28 Aquarii

Observation data Epoch J2000 Equinox ICRS
- Constellation: Aquarius
- Right ascension: 22^{h} 01^{m} 05.01544^{s}
- Declination: +00° 36′ 16.9787″
- Apparent magnitude (V): 5.597

Characteristics
- Spectral type: K2III
- U−B color index: +1.40
- B−V color index: +1.28

Astrometry
- Radial velocity (R_{v}): +8.12±0.1 km/s
- Proper motion (μ): RA: +6.22 mas/yr Dec.: −11.05 mas/yr
- Parallax (π): 5.7956±0.1557 mas
- Distance: 560 ± 20 ly (173 ± 5 pc)

Details
- Mass: 1.47 M_{☉}
- Radius: 28.15+0.61 −0.93 R_{☉}
- Luminosity: 258±8 L_{☉}
- Surface gravity (log g): 2.3 cgs
- Temperature: 4,361 K
- Age: 2.9 Gyr
- Other designations: 28 Aqr, BD−00°4296, HD 209128, HIP 108691, HR 8390, SAO 127235

Database references
- SIMBAD: data

= 28 Aquarii =

Star in the constellation Aquarius

28 Aquarii is a single star located about 560 light years away from the Sun in the zodiac constellation of Aquarius. 28 Aquarii is the Flamsteed designation. It is visible to the naked eye as a dim, orange-hued star with an apparent visual magnitude of 5.6. This object is moving further from the Earth with a heliocentric radial velocity of +8.1 km/s.

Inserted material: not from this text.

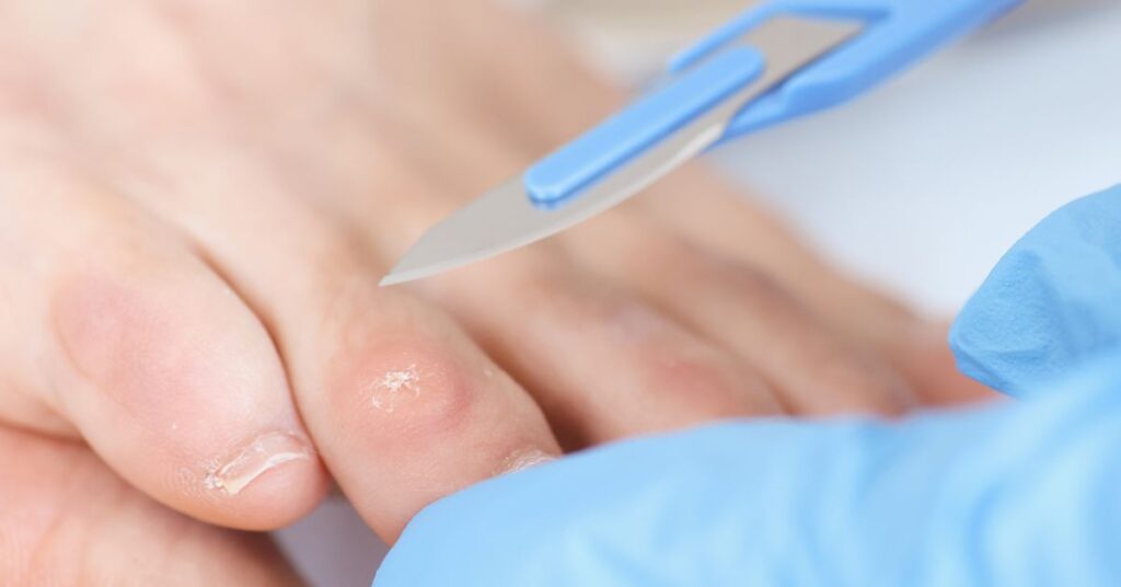 Small corn in an accessible location: corn plaster with salicylic acid or special pen to scrape off the top layer. Do not self-treat deep or hard-to-reach corns – risk of infection.

This 2.9 billion year old object is an aging giant star with a stellar classification of K2 III. After exhausting the hydrogen at its core, this star evolved off the main sequence and has now expanded to 28 times the Sun's radius. It has 1.47 times the mass of the Sun and is radiating 258 times the Sun's luminosity from its swollen photosphere at an effective temperature of 4,361 K.